PS. The reason for wanting to build a room-in-room in the top part of the "L" at a later time, is to be able to record in it, while monitoring outside of the room. Nothing more. The room itself bleeds very little sound both outwards and inwards at this time. Also, I have a ventilation system in the house which sends heated fresh air into the studio, and the sound of the air flowing into the room is making some noise which I want to avoid by doing this, so I don't have to shut down the ventilation system when we do vocal takes.


----------



## John_Magnus (Nov 4, 2013)

I see the picture I added from Tinypic did not appear, not sure what happened. Here goes, attempt #2 


http://i42.tinypic.com/29bjchz.png


----------



## bpape (Sep 14, 2006)

A is more predictable but B gives your walls helping push reflections back toward the rear of the room and most likely actually more symmetry, at least in what woudl be the front 1/3 of the space. Really just a trade off so work with what's better for usability and ability to treat. 

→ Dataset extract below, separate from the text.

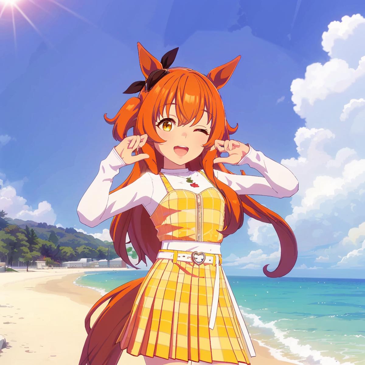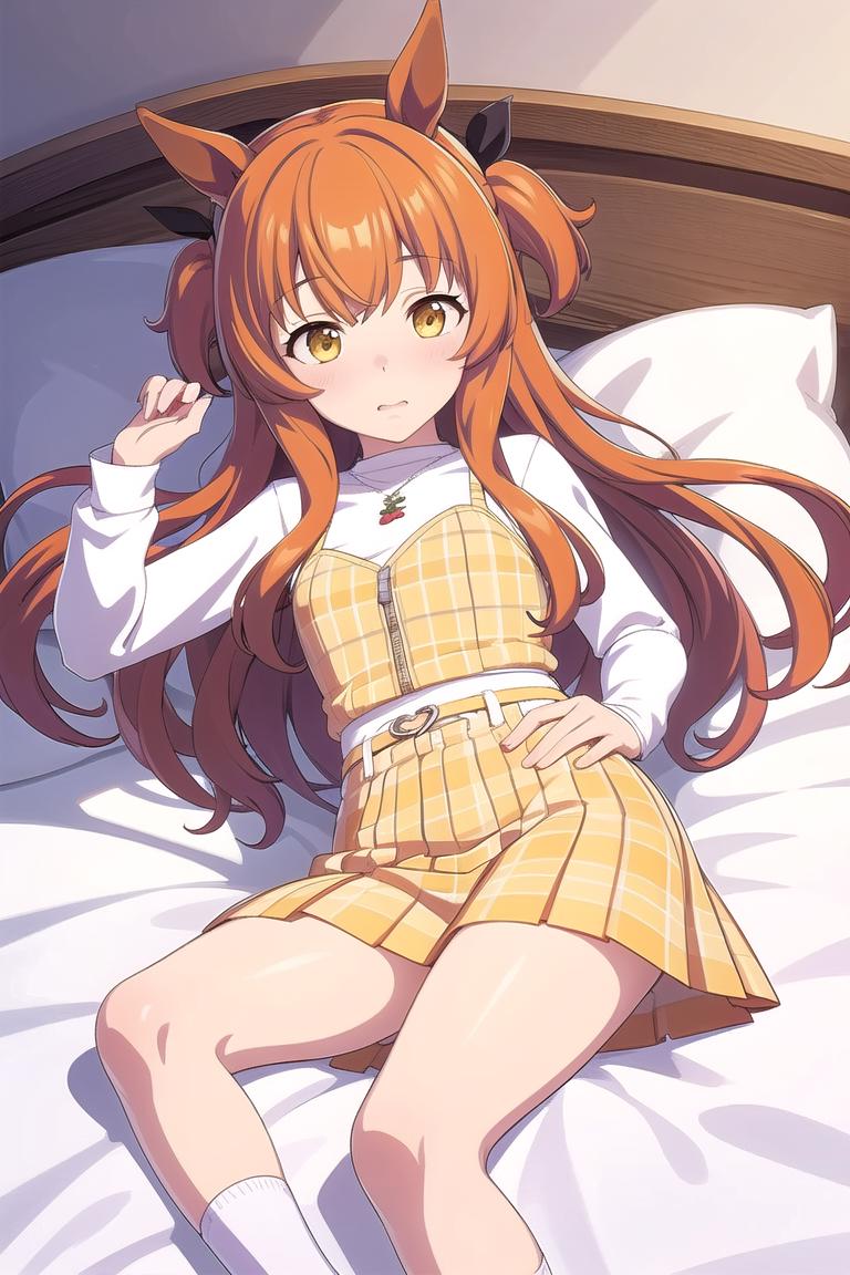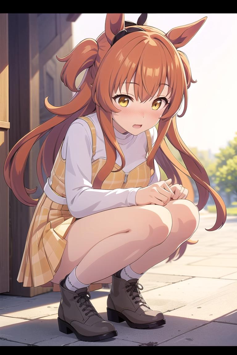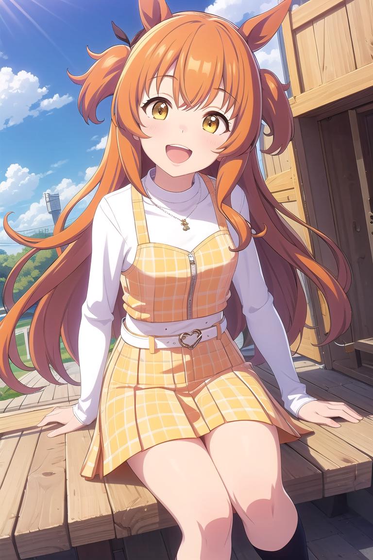 orange hair, horse ear, yellow vest, long sleeves, yellow skirt, socks, Mayano Topgun (umamusume) (casual clothes ver.) Lora

While it does take some time, it would be worth your while to experiment with both setups and see what you feel the better starting point is. Very tough to make this call purely from a picture without listening. I've seen both work well and both work badly.


----------



## mrterry (Jun 14, 2013)

Hello John, 

Give me an e-mail address and I will send you some photos of what we did for a DJ/musician (yes, they do exist!!) who had real problems with his half-basement studio and was in a similar type of situation as you are.

OK, the room was more or less just a rectangle with a 200 cm ceiling but he was only using about half of it for the control room/mix area. All hard surfaces, of course, and a very noticeable bass hump that made mixes very inaccurate. 

As always, budget was a problem but he ended up a happy bunny 

Coming back to some of your questions, I would tend to go with Solution A, having had to work with similar situations on the past. You are basically in a nearfield monitoring situation so getting the space around you to give a decent response is the most vital.

However, at the end of the day, it is what works best for you as a working environment. Compromises will be inevitable!

Not too sure of your reasoning behind a 'room-in-a-room' with regards to aircon (or air exchange): is too high an air velocity the problem? In this case, you will either have to reduce the flow rate or turn it off. However, you do not want the girl singer to pass out during vocal takes 

The problem with airflow is that we do not hear it (or more correctly, the brain discards it) but the microphone does, and therein lies the problem.

If isolation is not an issue with your room, it seems to me over the top to go in this direction. However, a float floor is always useful. As a by-the-by, is the ceiling height the bare ceiling or with the suspended grid in place? There are ready-made acoustic elements that will drop into a ceiling frame and you could consider a mixture of absorption and diffusion.

The combined control room/studio is not a new approach but it can work well with good planning and thinking about what it is that you want to do. If George Massenburg can do it...

Cheers, TN


----------